To identify convergent risk in excitatory cells in the prefrontal cortex we have performed scRNAseq of cells from five different mouse models of schizophrenia risk. Each mouse model carries a mutation (copy number variation; CNV) that in humans greatly increases the risk for schizophrenia. When comparing the changes in gene expression between the different mouse lines we observed no significant overlap. This is very much in contrast to our hypothesis and we conclude that for large-effect size schizophrenia risk variants the behavioural convergence observed in patients cannot be observed on a molecular level. This suggests that perhaps convergence rather happens on a network level.

Within SCHIZTYPE we have also performed a large-scale scRNAseq study of postmortem prefrontal cortex tissue from patients who suffered from schizophrenia. First, we observed near-to-no overlap with the findings from the five mouse models. On the other hand, we show that neurons and astrocytes (a type of support cell) have perturbations in the energy supply (mitochondrial function) and that the genetic programs that are involved also contain synaptic genes. Importantly, these genetic programs are also enriched for schizophrenia risk arguing that these changes are casual, rather than due to the disease. We have also performed transcriptomic analysis on tissue sections from human postmortem material which confirmed the findings from the scRNAseq study that we do not see any gross changes in the number of different cell types or their location in patients.

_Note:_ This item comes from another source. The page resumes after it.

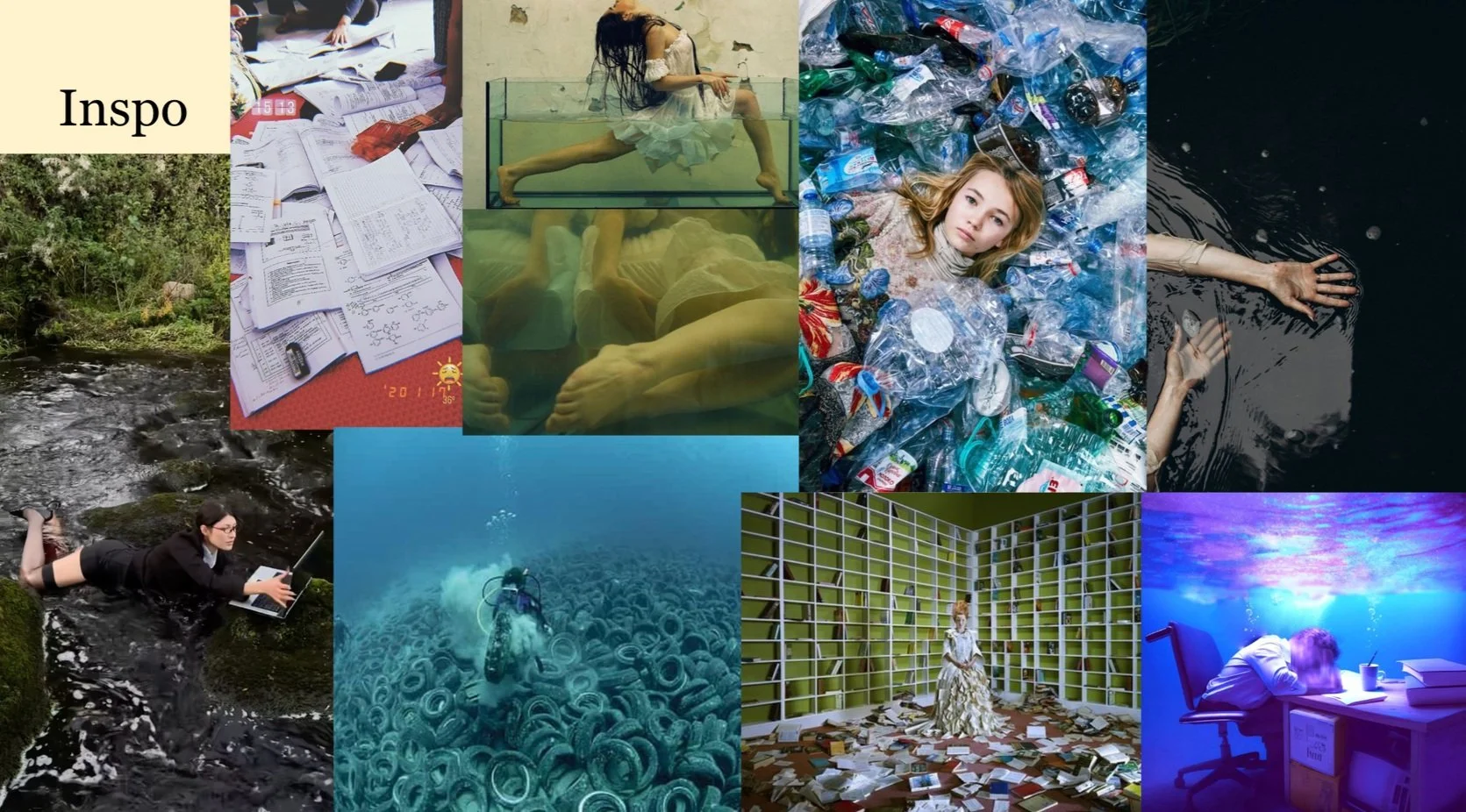 Drowning our model “in” something, but also “in” the water. Paperwork. Beauty supplies, clothing, OVERCONSUMPTION

We are currently perturbing the expression of important genes that we have identified in mouse and human samples analyzed to test the role of those genes in the cell and how perturbation of one cell can affect the function of neighboring cells.

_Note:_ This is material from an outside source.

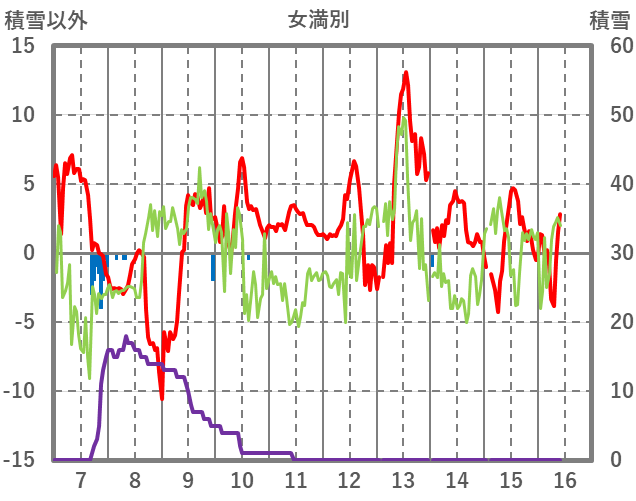 | 日 | 時 | 気温 | 降水 | 風向/風速 | 日照 | 積雪 | 降雪 |

We have made important findings that will cause the field to re-evaluate the current state-of-the-art. The finding that we, in a well-powered study, across different mouse models for schizophrenia risk and patient material could not identify molecular convergence will have important implications. First, it highlights that these CNV models are not models of the disorder schizophrenia but of the risk. Also, it suggests that the convergence observed in behavior lies at another level of biology than at gene-regulatory programs. Our study has important caveats so further research is necessary to confirm our findings. Another observation from these studies is that we cannot detect any gross changes in cell numbers, cell type composition, or the relative position of cell types arguing that these important processes that occur during embryonic development are likely not affected in patients. This is in contrast to several observations in studies of stem cells derived from patients arguing an important limitation in the interpretation of such studies. Furthermore, our studies reveal an important, potentially causal role for mitochondrial function in schizophrenia. We also show, for the first time with two different completely data-driven independent approaches that the brain regions of the amygdala and the hippocampus are crucial for schizophrenia etiology. Ultimately, we have in SCHIZTYPE improved our understanding of schizophrenia biology and its origin significantly.